*Assignment*:
Print the data exactly as written, line for line, and leave its pictures behind.

*Data provided*:

++++++

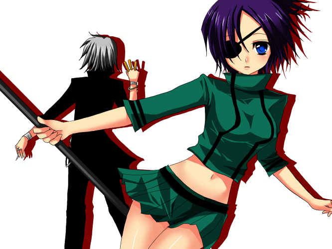 anmo418, andrew graves, ashley graves, the coffin of andy and leyley, chinese commentary, commentary request, highres, 1boy, 1girl, aegyo sal, alternate costume, animal ears, bare shoulders, behind another, black bow, black bowtie, black hair, black jacket, black necktie, blood, blood on cheek, blood on face, bow, bowtie, bracelet, breasts, brother and sister, cat ears, cat girl, chromatic aberration, closed mouth, clothing cutout, collared shirt, double-parted bangs, film grain, frilled shirt, frills, frown, green eyes, hair between eyes, halftone, hand on another's arm, hand on another's shoulder, hands on own chest, hands up, heart, heart-shaped pupils, jacket, jewelry, kemonomimi mode, leaning forward, long sleeves, looking at another, low ponytail, medium hair, necktie, outline, pale skin, pearl bracelet, pink blood, pink brooch, pink eyes, ponytail, ringed eyes, shirt, short hair, short sleeves, shoulder cutout, siblings, small breasts, smile, symbol-shaped pupils, upper body, white outline, white shirt
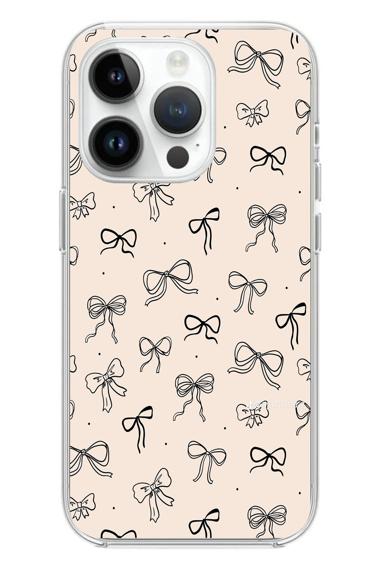 TechTree حافظة سيليكون متوافقة مع هاتف iPhone 14 PRO باللون الأسود ونمط فيونكة كريمية اللون مطبوع
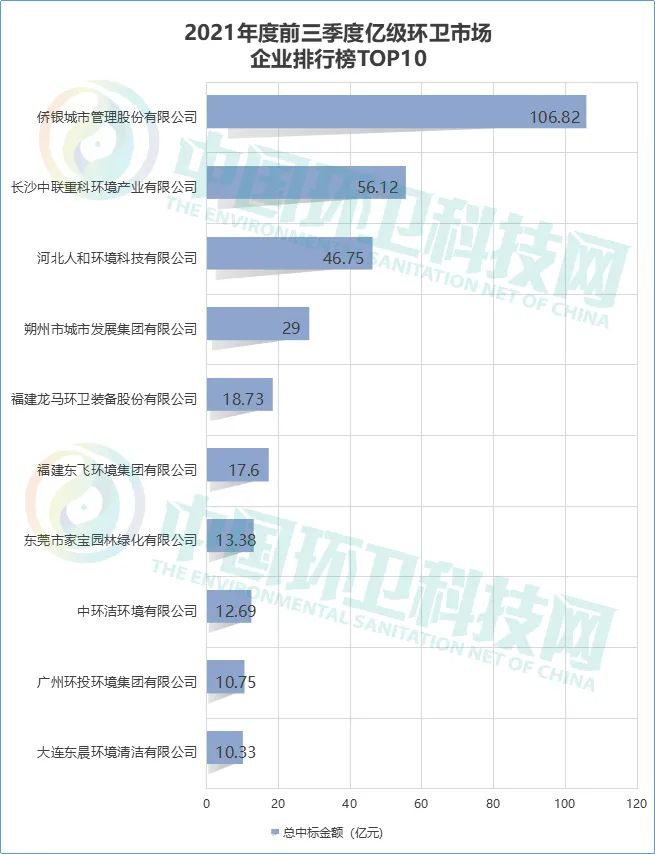 值得一提的是,廣東省今年環(huán)境衛(wèi)生工作的重點放在了末端領域:4月份,廣東省人民政府印發(fā)《廣東省國民經(jīng)濟和社會發(fā)展第十四個五年規(guī)劃和2035年遠景目標綱要》(以下簡稱《綱要》)?!毒V要》指出,要深入踐行生態(tài)文明理念,加快建設美麗廣東。引導居民自覺實施生活垃圾分類,推行生活垃圾減量化、資源化、無害化;加快生活垃圾處理設施建設,提高焚燒處理比例;推動固體廢物源頭減量化、全過程監(jiān)管,提升利用處置能力。到2025年,城市生活垃圾無害化處理率達到99%以上。因此,今年廣東省垃圾焚燒項目上馬規(guī)模大增,一改前兩年排名十名開外的局勢:截至目前,廣東省共開標5個生活垃圾焚燒項目,處理規(guī)模合計8550噸/日,較去年全年增長1325%。安徽省在本時間段內(nèi),開標億級環(huán)衛(wèi)項目數(shù)量位居第三,總中標金額位居第一。這與其近年來在城市管理等領域發(fā)布的政策密不可分。2019年10月,安徽省人民政府發(fā)布關于進一步加強城市精細化管理工作的指導意見,其中明確提到加強城市環(huán)境衛(wèi)生治理。大力推進城市道路清掃保潔工作市場化、專業(yè)化、標準化。加大道路清掃保潔機械化作業(yè)推進力度,到2020年年底,設區(qū)的市建成區(qū)機械化清掃率達到80%以上,縣城達到65%以上。城市重點區(qū)域全面實施道路濕掃、吸掃作業(yè)。截至目前,安徽省已開標2個超20億環(huán)衛(wèi)項目:亳州市利辛縣城鄉(xiāng)環(huán)衛(wèi)一體化工程項目及六安市舒城縣城鄉(xiāng)環(huán)衛(wèi)一體化特許經(jīng)營項目,金額大,服務年限長,這也是安徽省目前金額領先其余省份的原因之一。在安徽省有所斬獲的企業(yè),除我們眼熟的僑銀股份、康潔集團、盈峰中聯(lián)之外,也有當?shù)丨h(huán)企及物業(yè)企業(yè)如雅生活、嘉誠物業(yè)等。根據(jù)環(huán)衛(wèi)科技網(wǎng)統(tǒng)計,2021年前三季度中標金額排名前三的企業(yè)為僑銀股份、盈峰環(huán)境、人和環(huán)境。1、數(shù)據(jù)來源于中國政府采購網(wǎng)及各地方政府采購網(wǎng);2、版權歸環(huán)衛(wèi)科技網(wǎng)所有,未經(jīng)書面授權,禁止轉(zhuǎn)載。與半年度盤點相比,前三名并無變化,但TOP10榜單出現(xiàn)了半年榜沒有的三位新面孔:朔州市城市發(fā)展集團有限公司、廣州環(huán)投環(huán)境集團有限公司及大連東晨環(huán)境清潔有限公司,三家企業(yè)皆是憑借新入手的十億級環(huán)衛(wèi)項目躋身前十。其中,朔州市城市發(fā)展集團有限公司、廣州環(huán)投環(huán)境集團有限公司均為國企,也是本年前三季度榜單上唯二的國企。截至9月30日,今年僑銀股份億級項目中標額約為106.82億元,穩(wěn)坐榜單第一。僑銀股份今年收獲多個億級、十億級環(huán)衛(wèi)一體化項目,成績喜人。7月21日,僑銀股份在預中標2.87億元的江西省南昌市青云譜區(qū)環(huán)衛(wèi)作業(yè)市場化服務采購項目(一標段)后,成功突破百億大關,成為本年度第一個合同金額破百億的企業(yè)。今年,在碳中和目標下,垃圾分類作為節(jié)能減排的重要手段,市場化發(fā)展加速。作為最早響應垃圾分類的企業(yè)之一,僑銀股份在垃圾分類全鏈條服務、智慧化管理和資源化利用方面都有成功案例。今年,在“碳中和”加持下,僑銀股份競投“碳中和”垃圾分類項目首戰(zhàn)告捷:9月7日,僑銀股份聯(lián)合全資子公司預中標佛山市禪城區(qū)垃圾分類全覆蓋服務項目,項目總金額約1.16億元。引領智慧環(huán)衛(wèi)高速發(fā)展盈峰環(huán)境前三季度共中標7個億級環(huán)衛(wèi)項目,總金額約56.12億元。在積極拓展傳統(tǒng)環(huán)衛(wèi)業(yè)務的同時,盈峰環(huán)境今年首次揚帆海上:9月10日,三亞市天涯區(qū)“海上環(huán)衛(wèi)保潔作業(yè)項目”正式簽約,并于9月15日順利進場,公司正式邁入“海域保潔”新時代。今年以來,盈峰環(huán)境在智慧環(huán)衛(wèi)領域?qū)耀@成果:年初,盈峰環(huán)境中標價值38億的湘潭市環(huán)衛(wèi)一體化項目,鞏固了進一步完善了“智能裝備、智慧服務、智云平臺”的智慧環(huán)衛(wèi)戰(zhàn)略布局。此外,盈峰環(huán)境還積極尋求對外合作,實現(xiàn)強強聯(lián)合。1月,盈峰環(huán)境與美的物業(yè)在佛山簽署戰(zhàn)略合作協(xié)議,雙方將在智慧清潔示范性社區(qū)的打造以及城市運營服務等方面通過硬件設備與管理系統(tǒng)的優(yōu)勢結合,共同開發(fā)城市服務業(yè)務。9月8日,盈峰環(huán)境聯(lián)合發(fā)起的低速無人駕駛產(chǎn)業(yè)聯(lián)盟正式成立,盈峰環(huán)境聯(lián)合中國低速無人駕駛各產(chǎn)業(yè)鏈主流企業(yè),發(fā)起成立低速無人駕駛產(chǎn)業(yè)聯(lián)盟,共同打造國內(nèi)首家低速場景無人駕駛解決方案綜合性服務平臺。作為無人環(huán)衛(wèi)智能裝備領域的先行者之一,盈峰環(huán)境有力推動了低速無人駕駛在環(huán)衛(wèi)服務場景的應用,目前,公司已成功掌握無人環(huán)衛(wèi)智能裝備這一代表行業(yè)發(fā)展方向的領先技術,并獲得環(huán)衛(wèi)領域政府發(fā)放的第一張無人駕駛路測牌照。人和環(huán)境前三季度共中標4個億級環(huán)衛(wèi)項目,中標金額合計約為46.75億元,四個項目中標時間均集中在第一季度,1月份,人和環(h

++++++

*Response to this exercise*:
 anmo418, andrew graves, ashley graves, the coffin of andy and leyley, chinese commentary, commentary request, highres, 1boy, 1girl, aegyo sal, alternate costume, animal ears, bare shoulders, behind another, black bow, black bowtie, black hair, black jacket, black necktie, blood, blood on cheek, blood on face, bow, bowtie, bracelet, breasts, brother and sister, cat ears, cat girl, chromatic aberration, closed mouth, clothing cutout, collared shirt, double-parted bangs, film grain, frilled shirt, frills, frown, green eyes, hair between eyes, halftone, hand on another's arm, hand on another's shoulder, hands on own chest, hands up, heart, heart-shaped pupils, jacket, jewelry, kemonomimi mode, leaning forward, long sleeves, looking at another, low ponytail, medium hair, necktie, outline, pale skin, pearl bracelet, pink blood, pink brooch, pink eyes, ponytail, ringed eyes, shirt, short hair, short sleeves, shoulder cutout, siblings, small breasts, smile, symbol-shaped pupils, upper body, white outline, white shirt
 TechTree حافظة سيليكون متوافقة مع هاتف iPhone 14 PRO باللون الأسود ونمط فيونكة كريمية اللون مطبوع
 值得一提的是,廣東省今年環(huán)境衛(wèi)生工作的重點放在了末端領域:4月份,廣東省人民政府印發(fā)《廣東省國民經(jīng)濟和社會發(fā)展第十四個五年規(guī)劃和2035年遠景目標綱要》(以下簡稱《綱要》)?!毒V要》指出,要深入踐行生態(tài)文明理念,加快建設美麗廣東。引導居民自覺實施生活垃圾分類,推行生活垃圾減量化、資源化、無害化;加快生活垃圾處理設施建設,提高焚燒處理比例;推動固體廢物源頭減量化、全過程監(jiān)管,提升利用處置能力。到2025年,城市生活垃圾無害化處理率達到99%以上。因此,今年廣東省垃圾焚燒項目上馬規(guī)模大增,一改前兩年排名十名開外的局勢:截至目前,廣東省共開標5個生活垃圾焚燒項目,處理規(guī)模合計8550噸/日,較去年全年增長1325%。安徽省在本時間段內(nèi),開標億級環(huán)衛(wèi)項目數(shù)量位居第三,總中標金額位居第一。這與其近年來在城市管理等領域發(fā)布的政策密不可分。2019年10月,安徽省人民政府發(fā)布關于進一步加強城市精細化管理工作的指導意見,其中明確提到加強城市環(huán)境衛(wèi)生治理。大力推進城市道路清掃保潔工作市場化、專業(yè)化、標準化。加大道路清掃保潔機械化作業(yè)推進力度,到2020年年底,設區(qū)的市建成區(qū)機械化清掃率達到80%以上,縣城達到65%以上。城市重點區(qū)域全面實施道路濕掃、吸掃作業(yè)。截至目前,安徽省已開標2個超20億環(huán)衛(wèi)項目:亳州市利辛縣城鄉(xiāng)環(huán)衛(wèi)一體化工程項目及六安市舒城縣城鄉(xiāng)環(huán)衛(wèi)一體化特許經(jīng)營項目,金額大,服務年限長,這也是安徽省目前金額領先其余省份的原因之一。在安徽省有所斬獲的企業(yè),除我們眼熟的僑銀股份、康潔集團、盈峰中聯(lián)之外,也有當?shù)丨h(huán)企及物業(yè)企業(yè)如雅生活、嘉誠物業(yè)等。根據(jù)環(huán)衛(wèi)科技網(wǎng)統(tǒng)計,2021年前三季度中標金額排名前三的企業(yè)為僑銀股份、盈峰環(huán)境、人和環(huán)境。1、數(shù)據(jù)來源于中國政府采購網(wǎng)及各地方政府采購網(wǎng);2、版權歸環(huán)衛(wèi)科技網(wǎng)所有,未經(jīng)書面授權,禁止轉(zhuǎn)載。與半年度盤點相比,前三名并無變化,但TOP10榜單出現(xiàn)了半年榜沒有的三位新面孔:朔州市城市發(fā)展集團有限公司、廣州環(huán)投環(huán)境集團有限公司及大連東晨環(huán)境清潔有限公司,三家企業(yè)皆是憑借新入手的十億級環(huán)衛(wèi)項目躋身前十。其中,朔州市城市發(fā)展集團有限公司、廣州環(huán)投環(huán)境集團有限公司均為國企,也是本年前三季度榜單上唯二的國企。截至9月30日,今年僑銀股份億級項目中標額約為106.82億元,穩(wěn)坐榜單第一。僑銀股份今年收獲多個億級、十億級環(huán)衛(wèi)一體化項目,成績喜人。7月21日,僑銀股份在預中標2.87億元的江西省南昌市青云譜區(qū)環(huán)衛(wèi)作業(yè)市場化服務采購項目(一標段)后,成功突破百億大關,成為本年度第一個合同金額破百億的企業(yè)。今年,在碳中和目標下,垃圾分類作為節(jié)能減排的重要手段,市場化發(fā)展加速。作為最早響應垃圾分類的企業(yè)之一,僑銀股份在垃圾分類全鏈條服務、智慧化管理和資源化利用方面都有成功案例。今年,在“碳中和”加持下,僑銀股份競投“碳中和”垃圾分類項目首戰(zhàn)告捷:9月7日,僑銀股份聯(lián)合全資子公司預中標佛山市禪城區(qū)垃圾分類全覆蓋服務項目,項目總金額約1.16億元。引領智慧環(huán)衛(wèi)高速發(fā)展盈峰環(huán)境前三季度共中標7個億級環(huán)衛(wèi)項目,總金額約56.12億元。在積極拓展傳統(tǒng)環(huán)衛(wèi)業(yè)務的同時,盈峰環(huán)境今年首次揚帆海上:9月10日,三亞市天涯區(qū)“海上環(huán)衛(wèi)保潔作業(yè)項目”正式簽約,并于9月15日順利進場,公司正式邁入“海域保潔”新時代。今年以來,盈峰環(huán)境在智慧環(huán)衛(wèi)領域?qū)耀@成果:年初,盈峰環(huán)境中標價值38億的湘潭市環(huán)衛(wèi)一體化項目,鞏固了進一步完善了“智能裝備、智慧服務、智云平臺”的智慧環(huán)衛(wèi)戰(zhàn)略布局。此外,盈峰環(huán)境還積極尋求對外合作,實現(xiàn)強強聯(lián)合。1月,盈峰環(huán)境與美的物業(yè)在佛山簽署戰(zhàn)略合作協(xié)議,雙方將在智慧清潔示范性社區(qū)的打造以及城市運營服務等方面通過硬件設備與管理系統(tǒng)的優(yōu)勢結合,共同開發(fā)城市服務業(yè)務。9月8日,盈峰環(huán)境聯(lián)合發(fā)起的低速無人駕駛產(chǎn)業(yè)聯(lián)盟正式成立,盈峰環(huán)境聯(lián)合中國低速無人駕駛各產(chǎn)業(yè)鏈主流企業(yè),發(fā)起成立低速無人駕駛產(chǎn)業(yè)聯(lián)盟,共同打造國內(nèi)首家低速場景無人駕駛解決方案綜合性服務平臺。作為無人環(huán)衛(wèi)智能裝備領域的先行者之一,盈峰環(huán)境有力推動了低速無人駕駛在環(huán)衛(wèi)服務場景的應用,目前,公司已成功掌握無人環(huán)衛(wèi)智能裝備這一代表行業(yè)發(fā)展方向的領先技術,并獲得環(huán)衛(wèi)領域政府發(fā)放的第一張無人駕駛路測牌照。人和環(huán)境前三季度共中標4個億級環(huán)衛(wèi)項目,中標金額合計約為46.75億元,四個項目中標時間均集中在第一季度,1月份,人和環(h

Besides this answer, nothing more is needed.